> _Task item_
When you return the lines below, go from the first through the line with "它巧妙地把粥融入四神湯的概念,裡面有豬肉片、蓮子、薏仁和處理得很乾淨的豬小腸。", keep them exact, and leave out every picture.

> _Information shown_

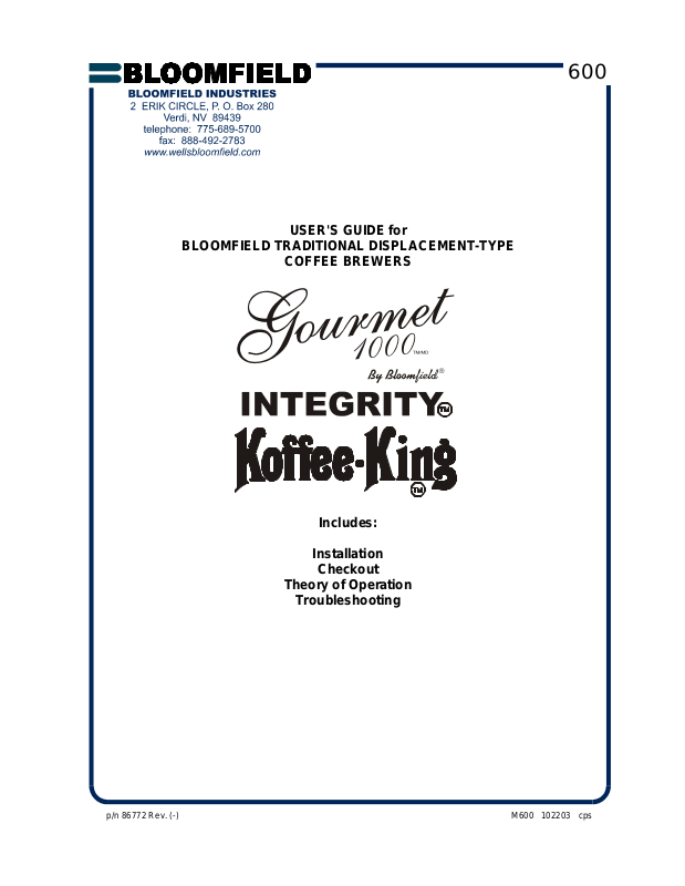 Bloomfield coffee brewers are intended exclusively for commercial use
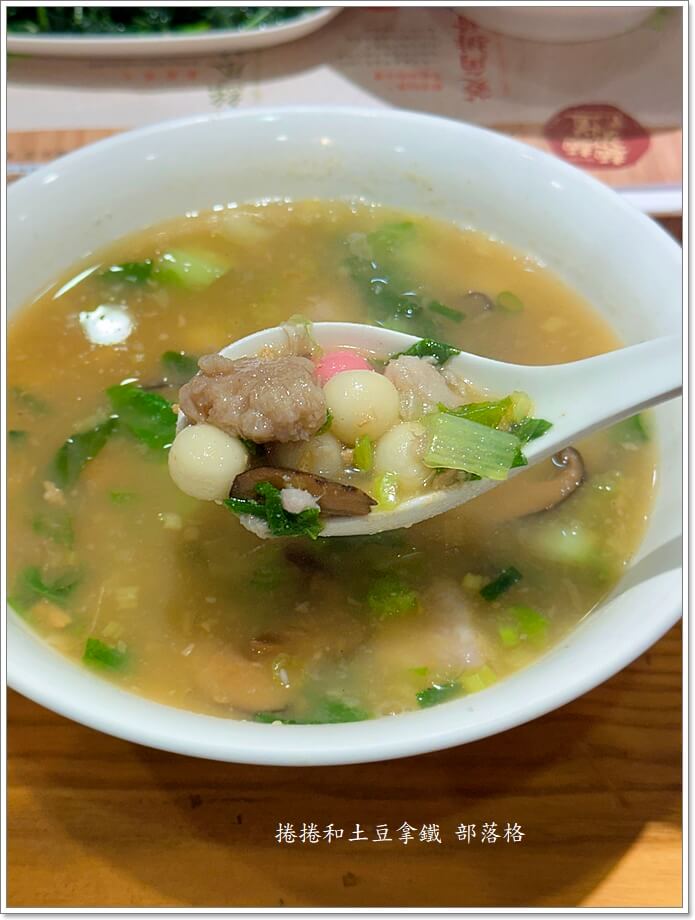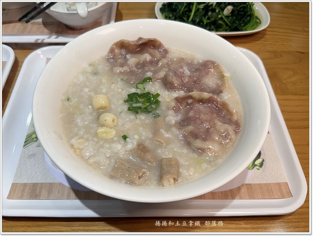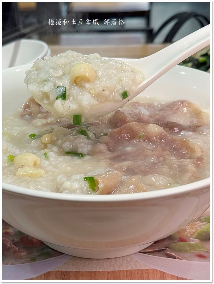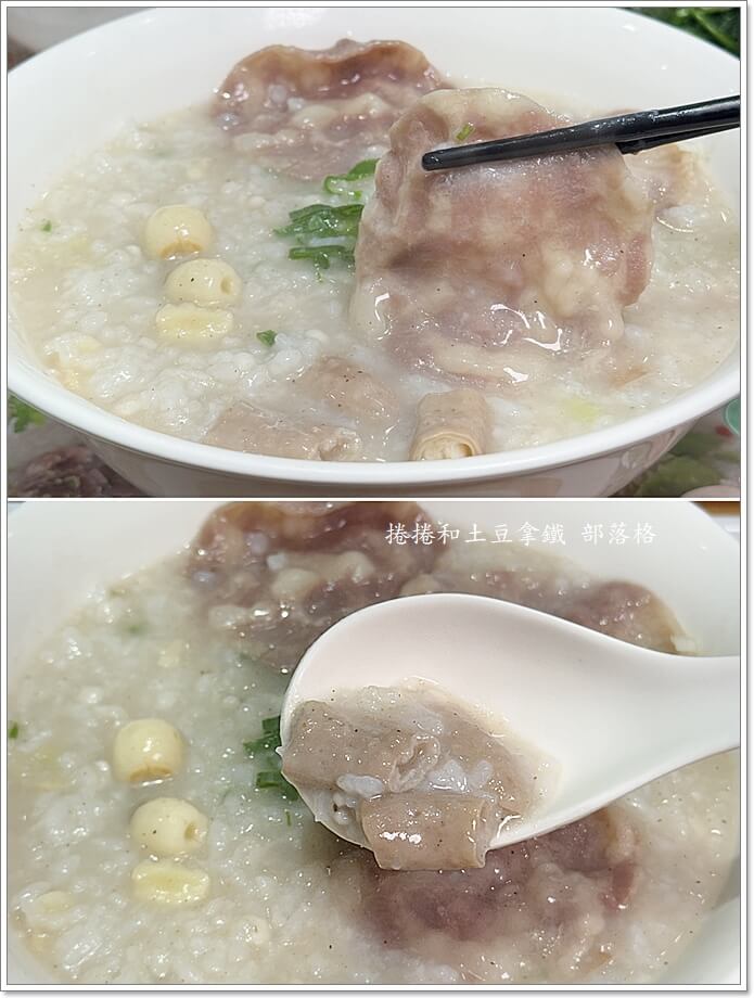 它巧妙地把粥融入四神湯的概念,裡面有豬肉片、蓮子、薏仁和處理得很乾淨的豬小腸。
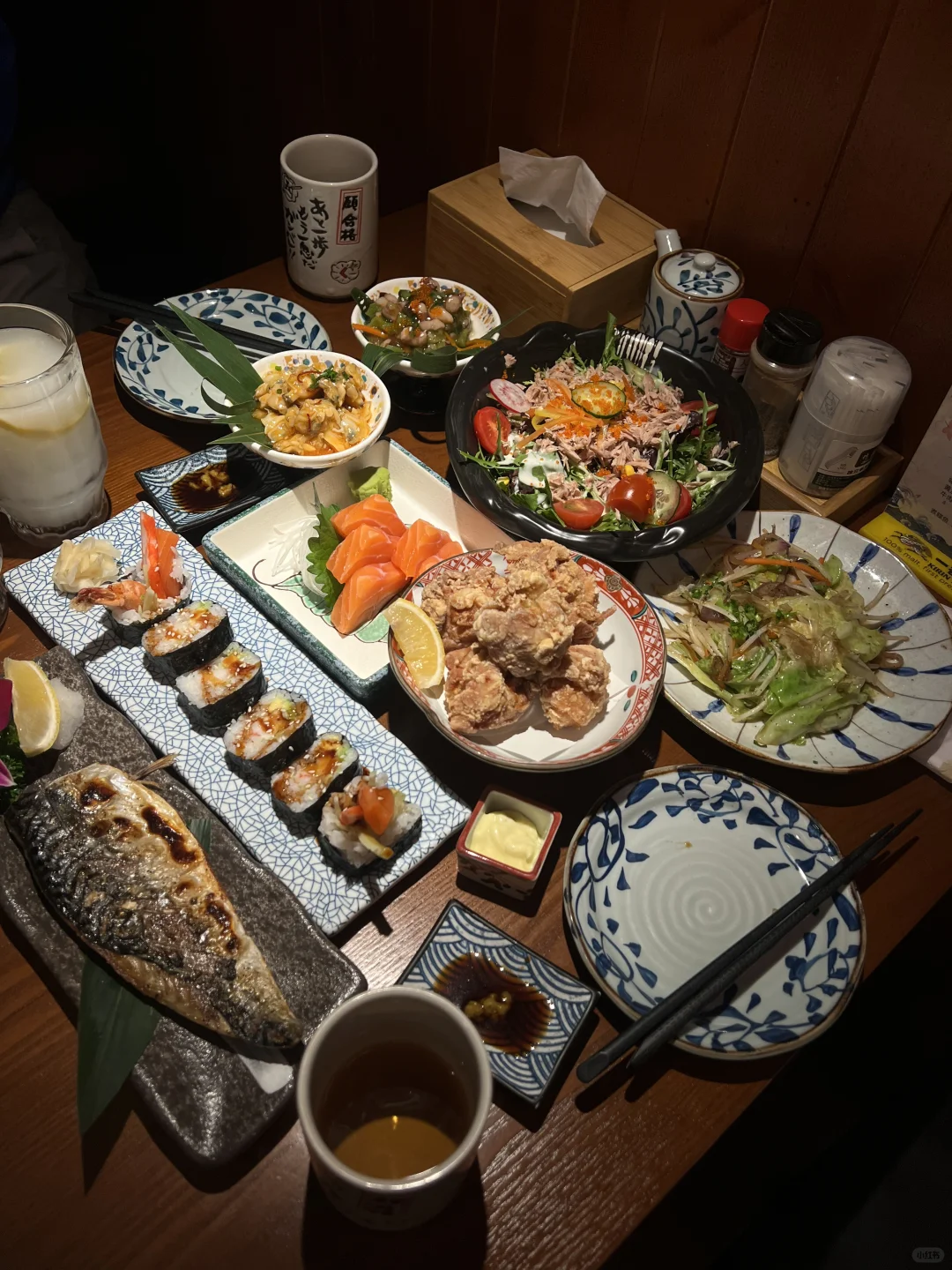 收藏这家店好久了,终于吃上了!! 你们可以闭眼冲了! 这家日料真的是在亦庄没对手‼️ 工作日都是满座 可以提前打电话预约过去! 环境布置的很温馨,非常日式~~ 厨师做食物是可以看的到的 点了一个套餐太好吃后来又单独加了别的 🍣厚切三文鱼必点,厚切的吃起来炒满足! 从此爱上了厚切 🍗他们家招牌炸鸡块一定要吃!!想吃炸鸡好久了没想到他们家炸鸡满足了我,肉特别嫩,外表酥酥脆脆的很绝! 和风炒时蔬还有她们家特制的寿司卷都好吃 这么说吧点的菜一个都没有踩雷! 从此去亦庄多了个理由!

> _Response to this exercise_
 Bloomfield coffee brewers are intended exclusively for commercial use
 它巧妙地把粥融入四神湯的概念,裡面有豬肉片、蓮子、薏仁和處理得很乾淨的豬小腸。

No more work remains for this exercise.